State breakdowns suggest the proposal is also falling short on the other leg of the dual majority requirement, with majorities in favour in only three states: by 53-47 in New South Wales, 56-44 in Victoria and 57-43 from a tiny sample in Tasmania, with no leading 56-44 in Queensland, 51-49 in Western Australia and 52-48 in South Australia. The national results are from the pollster’s latest national survey, which reached 1606 respondents and was presumably conducted from Wednesday to Sunday, while the state results pad out the sample with findings from last month’s poll, which had yes leading 53-47. Voting intention numbers will presumably follow at some point in the next day or two.
In an emerging pattern, it’s a very different story from Essential Research, which according to a report in The Guardian finds 60-40 in favour on its forced response Indigenous Voice question, effectively unchanged on its 59-41 result a month ago. A separate report in The Guardian tells us Essential’s fortnightly poll also included a regular suite of questions on best party to handle various issues, which found Labor favoured to handle issues including cost of living, interest rates and government debt, together with its more traditional strengths of health and welfare, climate change and security of work.

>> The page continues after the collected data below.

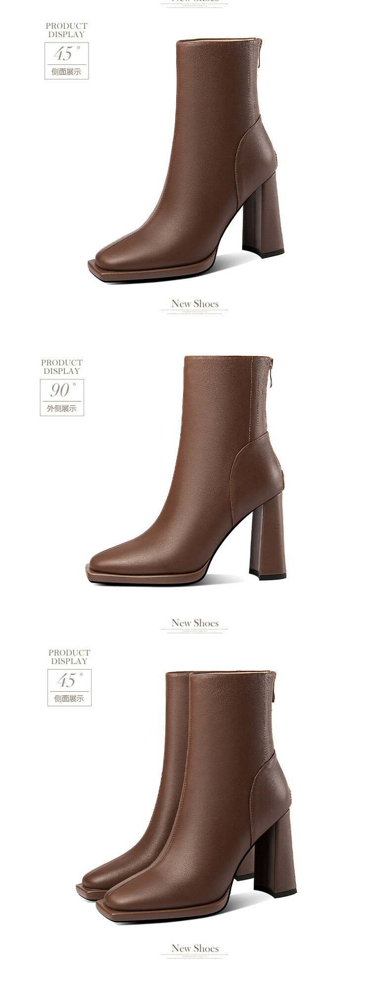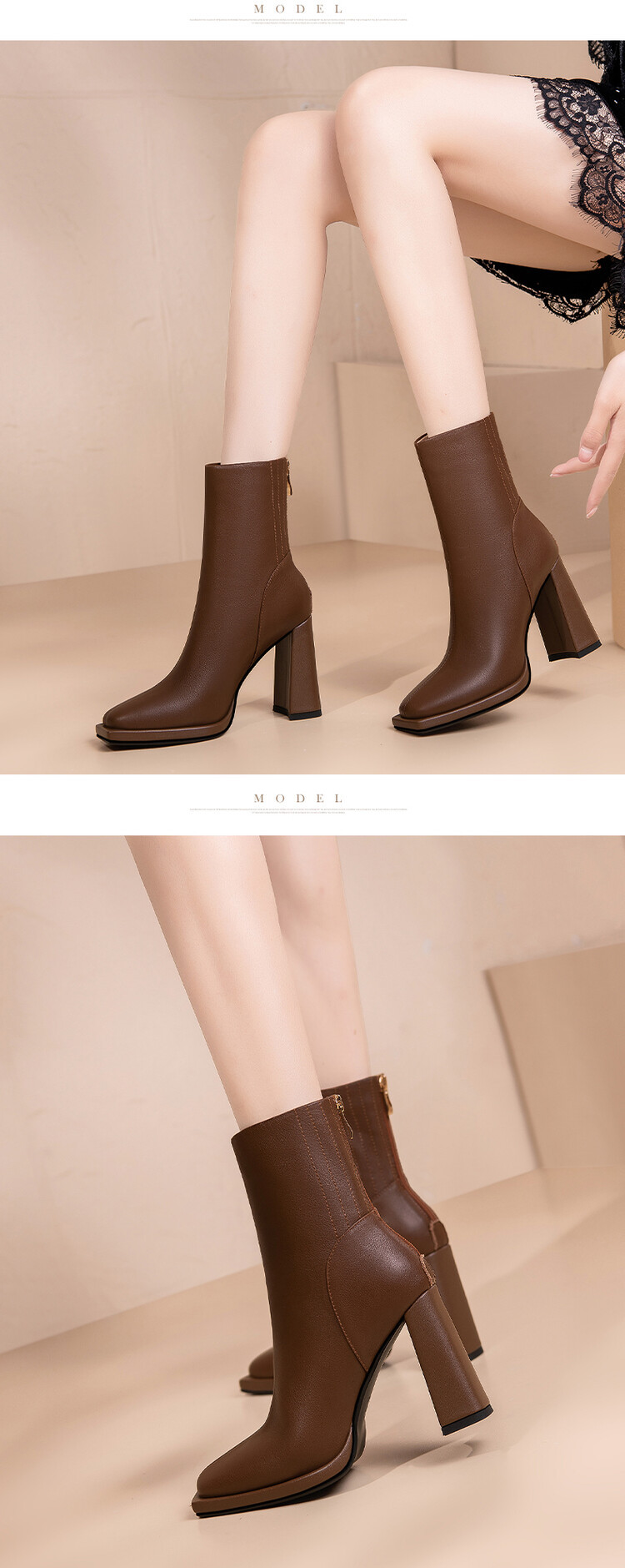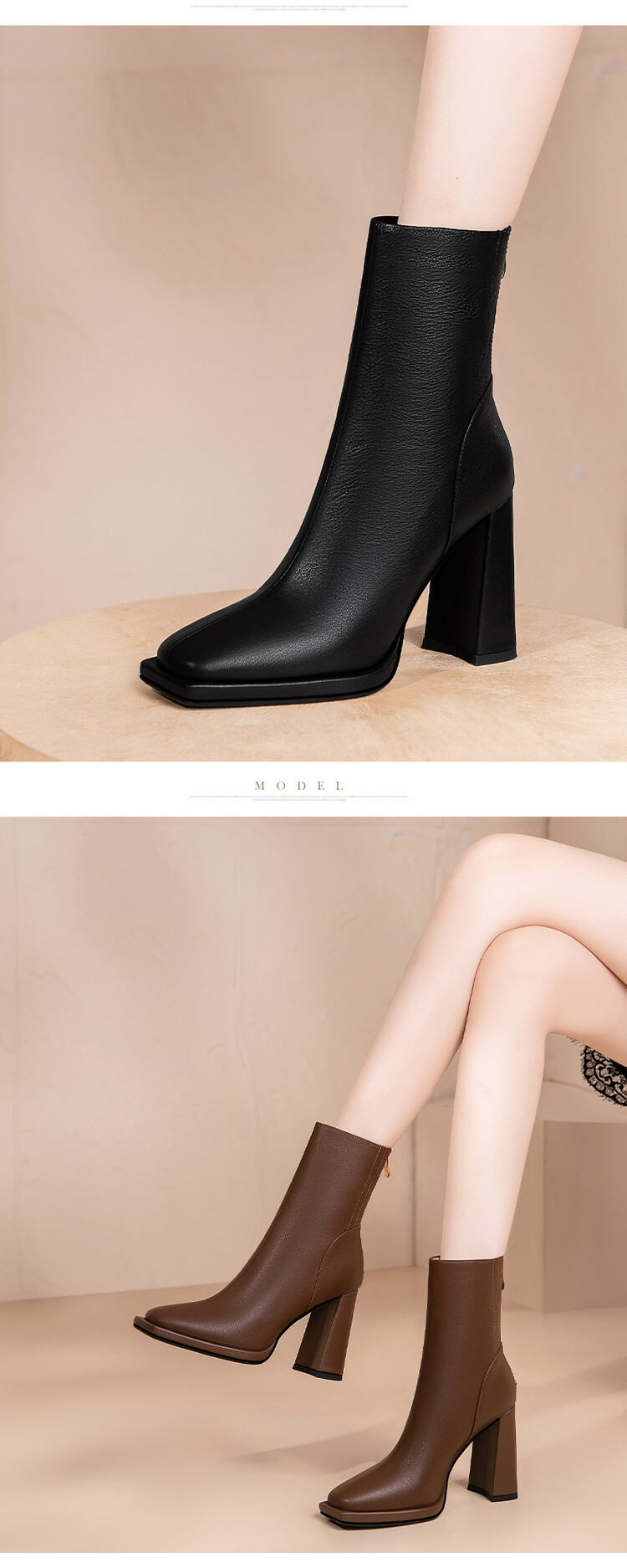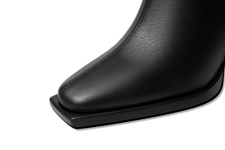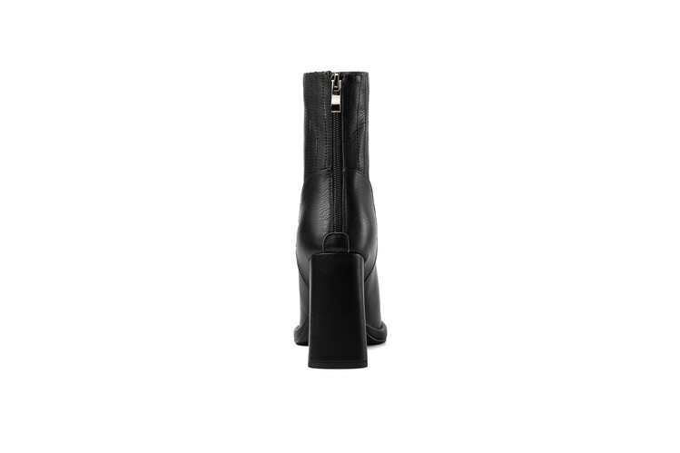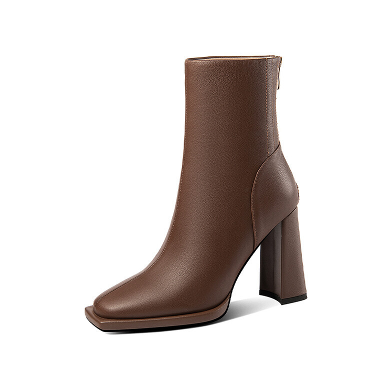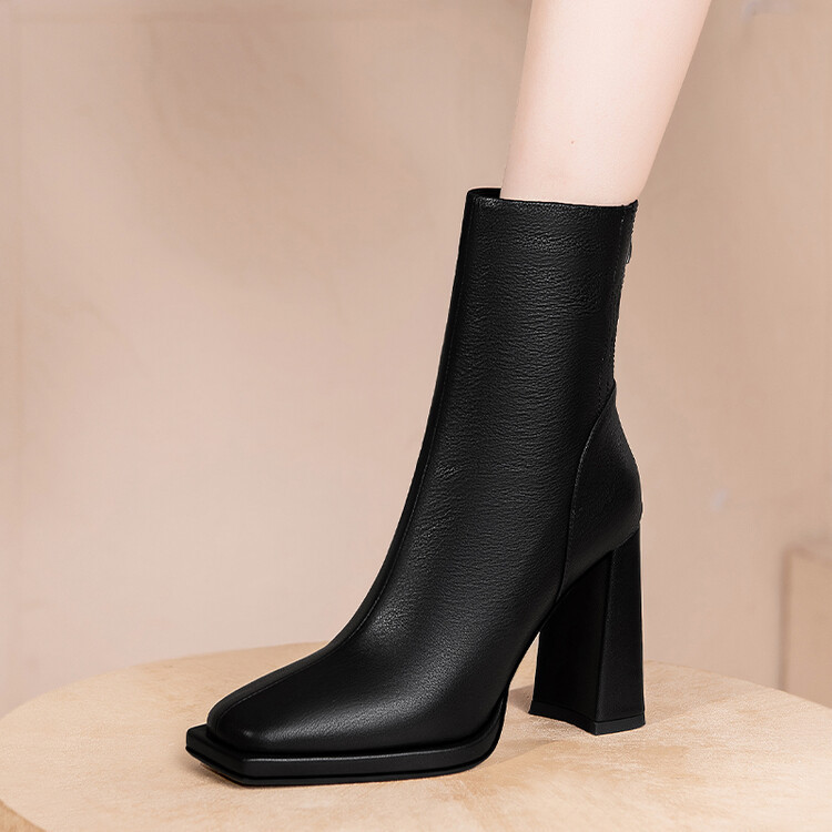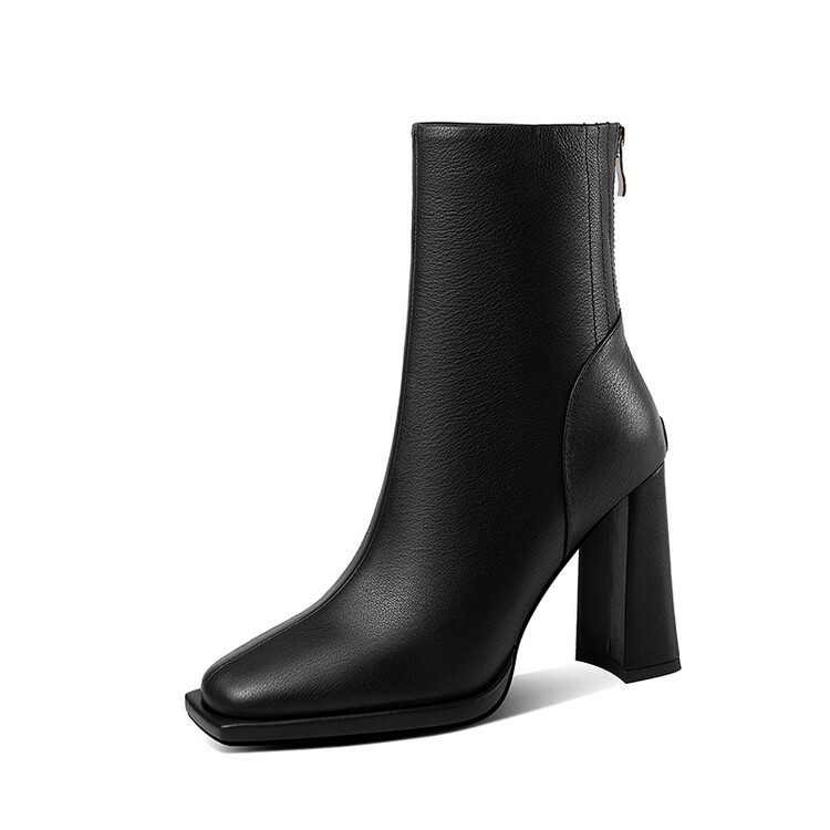 짧은 허리 발목 부츠 여성용 2023 가을과 겨울 새로운 소가죽 스퀘어 헤드 방수 테이블 슈퍼 하이힐 부츠 청키 힐 백 지퍼 마틴 부츠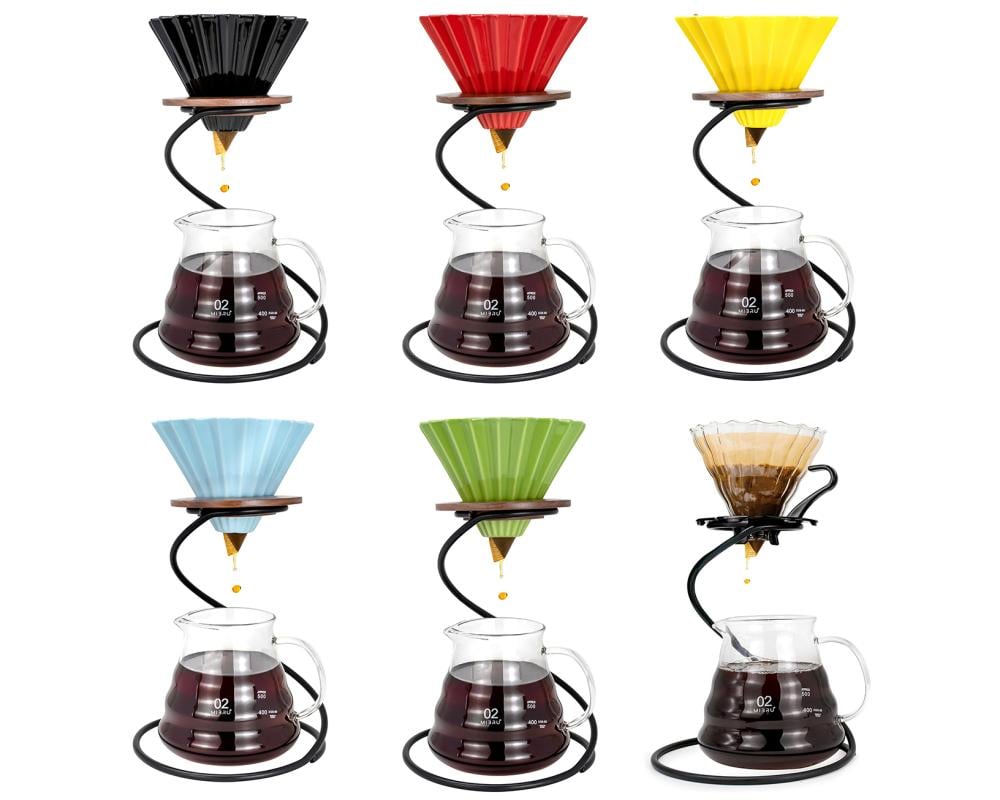 خليك باريستا بنفسك مع مجموعة تقطير لمحبي القهوة المقطرة مع قاعدة بالتنقيط حلزونية من الحديد تحتوي على 4 ادوات تحضير القهوة
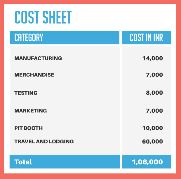 Team Godspeed has made a budget of INR 1.06 lacs for various activities. This includes car manufacturing, pit display, testing, travel, marketing and merchandise.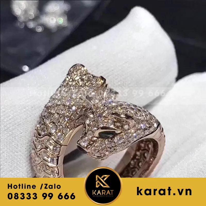 Nhẫn cartier báo vàng hồng kim cương thiên nhiên

Respondents were asked how much or how little they felt various factors were to blame for rising interest rates, but the results are hard to interpret without seeing the question wording and response structure. For this we must await the release of the full report later today – together with voting intention numbers, on which The Guardian’s report is silent, though they are presumably favourable to Labor given the “best party to handle” responses.